USTRはカナダとメキシコに自動車の輸出数量規制をのませた。ライトハイザー氏がUSTR代表に登用されたのは「1980年代の対日鉄鋼協議で日本の輸出自主規制を実現した手腕が評価された」(トランプ陣営幹部)。韓国との交渉でも鉄鋼の数量規制を入れこむなど、対米輸出に上限をかける手法はライトハイザー氏の得意技だ。

農畜産品でも「TPPと同等かそれ以上を求める」(パーデュー米農務長官)。米国産豚肉は日本の輸入全体の28.7%(2017年)にとどまり、シェアは10年間で12ポイントも下がった。米国を除くTPP11の発効でカナダ産の輸入が一段と増え、米国の危機感は強い。

「TPP11の発効が強い逆風となった。日米協定の早期締結が必要だ」。全米豚肉生産者協議会などの団体が優先するのは対日協議のスピード決着だ。パーデュー氏はライトハイザー氏に「農産品で(先行して)暫定合意を結ぶことを望んでいる」と伝えている。

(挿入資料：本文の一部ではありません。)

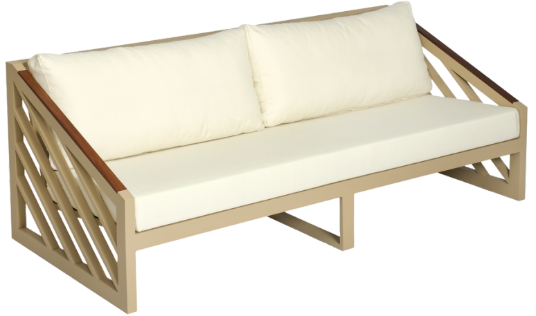
Üçlü Koltuk/Triple Sofa

薬価制度も火種となりそうだ。USTRは18年12月に公表した対日交渉での要求22項目の中に「医薬品や医療機器に公正な手続きを求める」と盛り込んだ。米経済団体の対日交渉トップは「薬価制度に切り込むことを表現した」と断じる。

米国ではがん治療薬などが極めて高額だ。ただ、日本は財政を圧迫する新薬の価格を下げやすくする制度に変えた。高額医薬品を日本でも販売したい米製薬会社は強く反発した。トランプ氏は米製薬会社に米国内での薬価引き下げを求める一方、貿易交渉を通じて海外で利益を上げやすくすると主張しており、日米協議での争点となる。